Design concepts and even merchandise assortments are further customized based on the facility’s geographic location. For example, at Penn Medicine in Philadelphia, there is a corner dedicated to Philly sports, while the cancer center in Northeastern Pennsylvania has a relaxing lounge space and even a beauty bar with non-toxic products and wigs for cancer patients.

“We wanted people to feel like if they needed a break from the clinical side of things, they could come in and lounge,” Kloor explained. “We also have respite rooms open to staff, patients and visitors to come take a nap or just have a moment. I think staff uses them to take a break and have active recovery. When you’re on a shift in a hospital, you’re never off; but with these spaces, you can remove yourself and have a chance to be refreshed.”
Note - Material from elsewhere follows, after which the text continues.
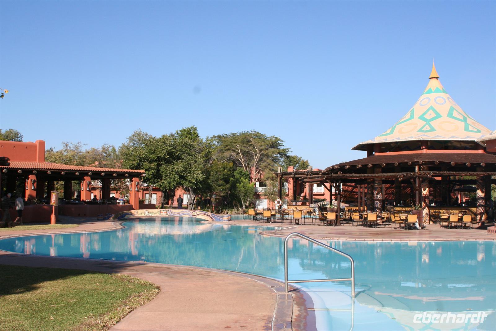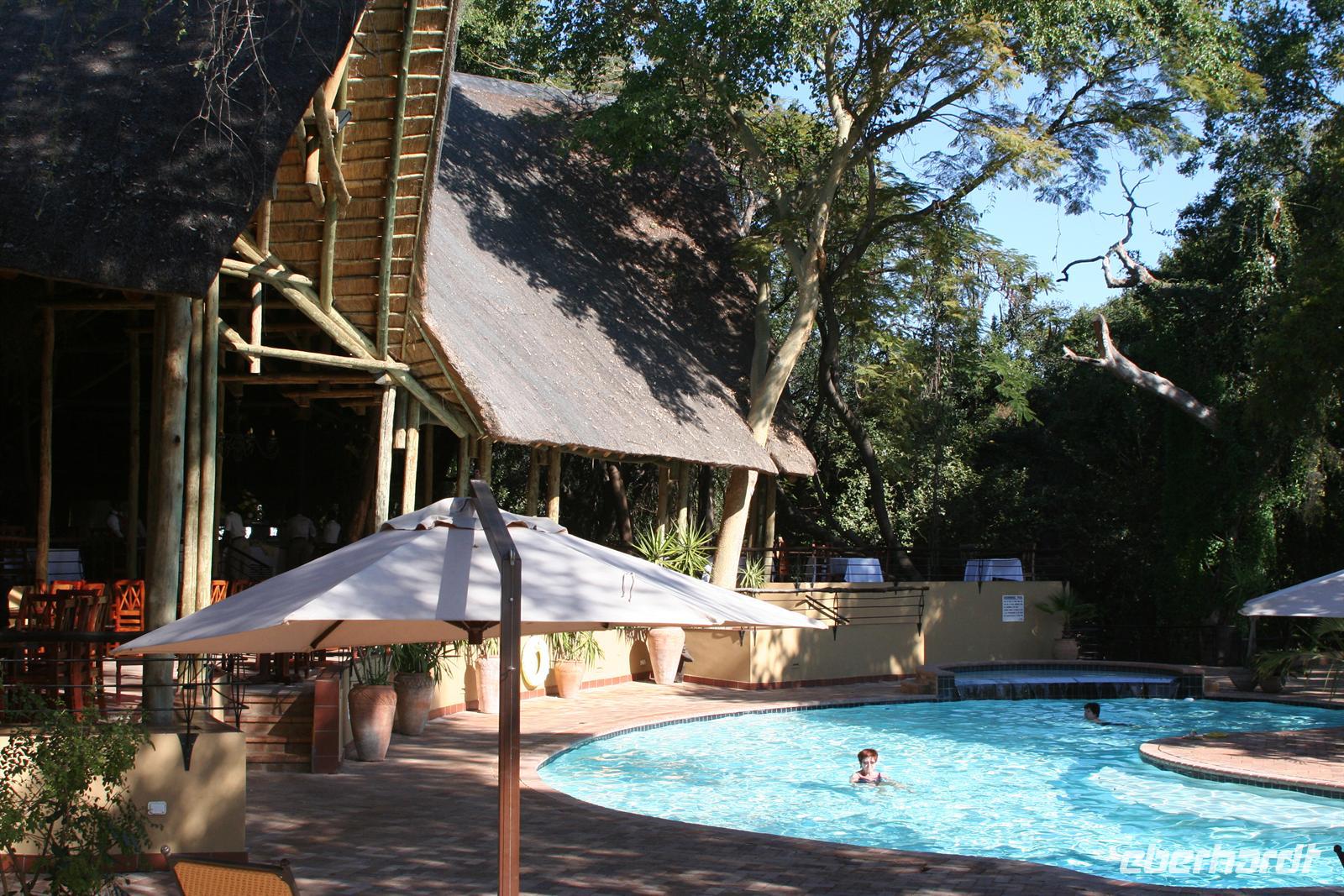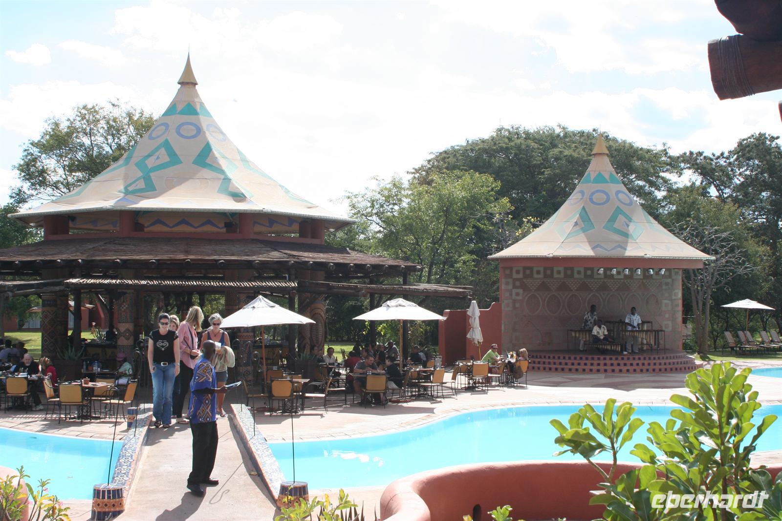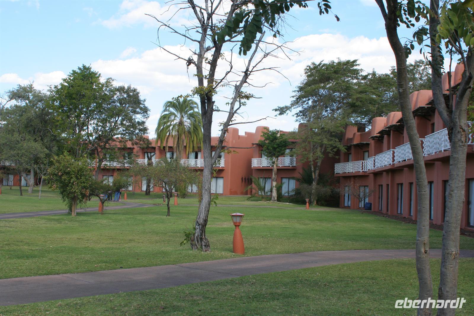 Im Sambesi Sun Resort, welches einen direkten Zugang zu den Wasserfällen (inklusive) hat, wurden wir mit Trommelwirbel, afrikanischen Tänzen und einem Fruchtcocktail begrüßt. Nach dem wir unsere modernen Zimmer mit Balkon oder Terrasse in der weitläufigen, gepflegten Anlage bezogen hatten, erkundeten wir die Umgebung: Poolanlage, Restaurants, Shops, Bar und ein Park, in dem sich Giraffen und Zebras tummelten, außerhalb des bewachten Geländes spazierten auch Elefanten!

Taking a Data-Driven Approach to New Formats

While Hydra Health takes many of its design cues from high-end fashion boutiques and spas, Kloor also is inspired by more utilitarian formats and experiences, especially to serve nurses, doctors and other hospital employees.

“We’ve taken some inspiration from a more modern airport for those who are walking through and need something in a pinch,” Kloor said “They’re not necessarily looking for a drawn-out shopping experience, so we’re trying to merge in that modern airport convenience.”

For example, offering fast and convenient payment experiences via mobile devices or even employee badges takes cues from airport retail’s “scan and go” models. Hydra Health is strategizing a “next iteration” format concept that includes different fully automated stores and other tech-driven spaces.

“For the future, we’re looking at a hub-and-spoke model, where we have this Hydra Health core retail shop and then have outposts in other areas of the hospital, where it’s a micro-market that is all self-checkout or that uses video camera technology, or a kiosk that can pop up in different areas of the hospital for different occasions,” Kloor explained. “Although we want to be a hub, we can’t reach every area now.”

Hydra Health uses (and will continue to use) data to inform which models work and where there is future opportunity for experience innovation. The company measures success by looking at trends among its different users groups: Hospital staff and employees, hospital visitors and patients. Then the Hydra team can drill into top-performing categories and use traditional retail metrics, such as monthly performance and revenue per square foot, to further optimize the store layout, experience and services.

Although profit is a key metric, Hydra Health doesn’t plan to lose sight of its North Star: loyalty. To keep a close eye on this, the company has implemented various channels for its diverse consumer base to share thoughts, opinions and general feedback.

“We have rewards cards, we do community programming, we have suggestion boxes and a QR code people can scan to share their feedback,” Kloor noted. “We want to maximize revenue and have the products that people need, but we also want to make sure that we have approachable pricing and are best serving the people who are our customers.”